• **Task to carry out**: This task calls for every entry below to be repeated exactly, without the pictures.

===============

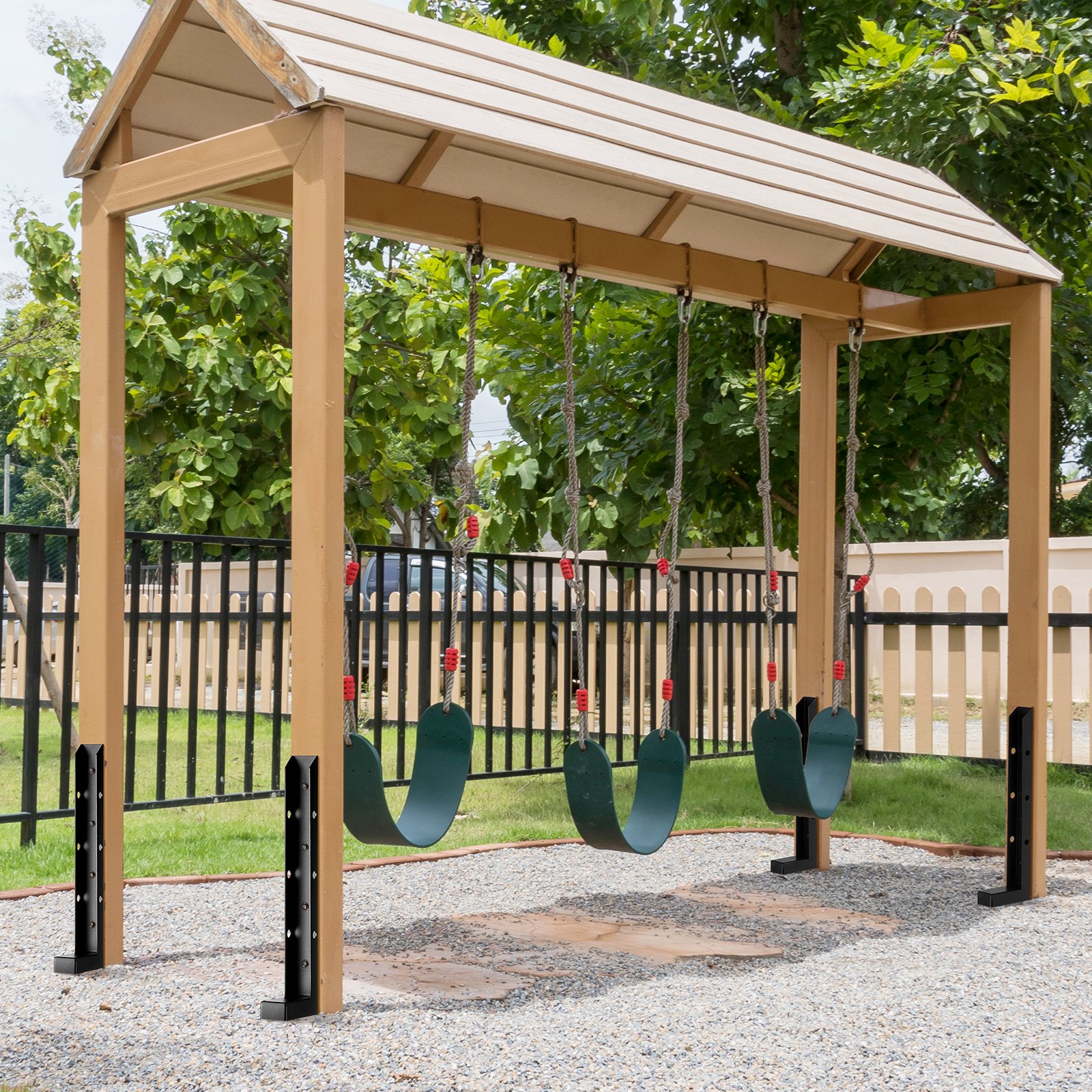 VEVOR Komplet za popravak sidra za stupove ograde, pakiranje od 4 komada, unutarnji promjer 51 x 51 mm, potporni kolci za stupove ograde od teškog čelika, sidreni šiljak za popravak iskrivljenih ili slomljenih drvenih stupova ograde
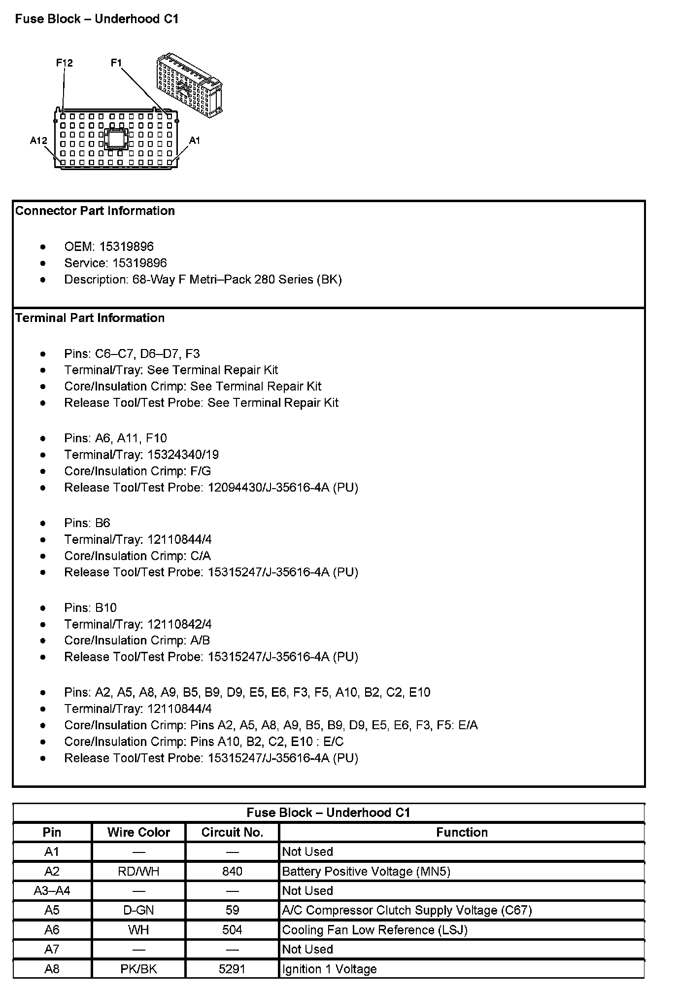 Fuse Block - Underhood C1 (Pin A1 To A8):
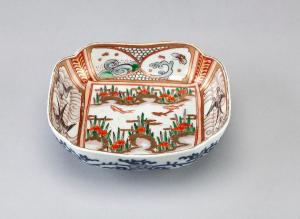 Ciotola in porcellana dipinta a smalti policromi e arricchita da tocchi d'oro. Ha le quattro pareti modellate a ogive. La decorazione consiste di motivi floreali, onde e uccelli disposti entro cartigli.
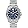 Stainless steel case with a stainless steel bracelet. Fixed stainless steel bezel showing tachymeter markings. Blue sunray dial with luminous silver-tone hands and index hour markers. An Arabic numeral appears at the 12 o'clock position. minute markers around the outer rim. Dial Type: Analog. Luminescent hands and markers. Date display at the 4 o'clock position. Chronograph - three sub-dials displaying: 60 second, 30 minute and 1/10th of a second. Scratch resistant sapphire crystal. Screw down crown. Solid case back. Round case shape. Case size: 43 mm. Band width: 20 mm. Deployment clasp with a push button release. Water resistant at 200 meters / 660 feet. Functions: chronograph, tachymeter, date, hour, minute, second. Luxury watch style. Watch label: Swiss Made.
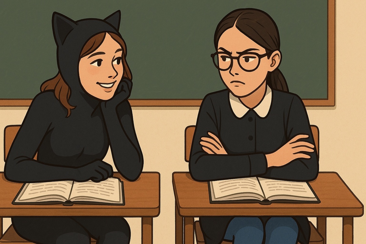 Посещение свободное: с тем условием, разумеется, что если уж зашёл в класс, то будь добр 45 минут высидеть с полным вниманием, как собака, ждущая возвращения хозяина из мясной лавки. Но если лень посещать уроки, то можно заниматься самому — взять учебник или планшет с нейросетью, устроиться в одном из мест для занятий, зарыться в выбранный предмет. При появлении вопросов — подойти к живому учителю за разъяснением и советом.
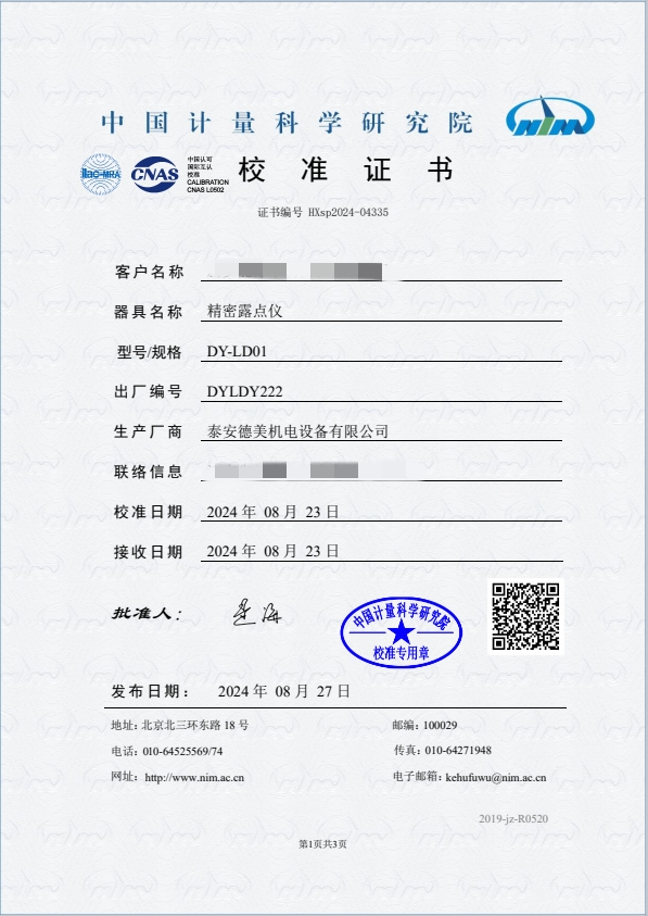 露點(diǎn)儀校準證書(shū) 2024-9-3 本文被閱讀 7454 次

===============

• **Response for this exercise**:
 VEVOR Komplet za popravak sidra za stupove ograde, pakiranje od 4 komada, unutarnji promjer 51 x 51 mm, potporni kolci za stupove ograde od teškog čelika, sidreni šiljak za popravak iskrivljenih ili slomljenih drvenih stupova ograde
 Fuse Block - Underhood C1 (Pin A1 To A8):
 Ciotola in porcellana dipinta a smalti policromi e arricchita da tocchi d'oro. Ha le quattro pareti modellate a ogive. La decorazione consiste di motivi floreali, onde e uccelli disposti entro cartigli.
 Stainless steel case with a stainless steel bracelet. Fixed stainless steel bezel showing tachymeter markings. Blue sunray dial with luminous silver-tone hands and index hour markers. An Arabic numeral appears at the 12 o'clock position. minute markers around the outer rim. Dial Type: Analog. Luminescent hands and markers. Date display at the 4 o'clock position. Chronograph - three sub-dials displaying: 60 second, 30 minute and 1/10th of a second. Scratch resistant sapphire crystal. Screw down crown. Solid case back. Round case shape. Case size: 43 mm. Band width: 20 mm. Deployment clasp with a push button release. Water resistant at 200 meters / 660 feet. Functions: chronograph, tachymeter, date, hour, minute, second. Luxury watch style. Watch label: Swiss Made.
 Посещение свободное: с тем условием, разумеется, что если уж зашёл в класс, то будь добр 45 минут высидеть с полным вниманием, как собака, ждущая возвращения хозяина из мясной лавки. Но если лень посещать уроки, то можно заниматься самому — взять учебник или планшет с нейросетью, устроиться в одном из мест для занятий, зарыться в выбранный предмет. При появлении вопросов — подойти к живому учителю за разъяснением и советом.
 露點(diǎn)儀校準證書(shū) 2024-9-3 本文被閱讀 7454 次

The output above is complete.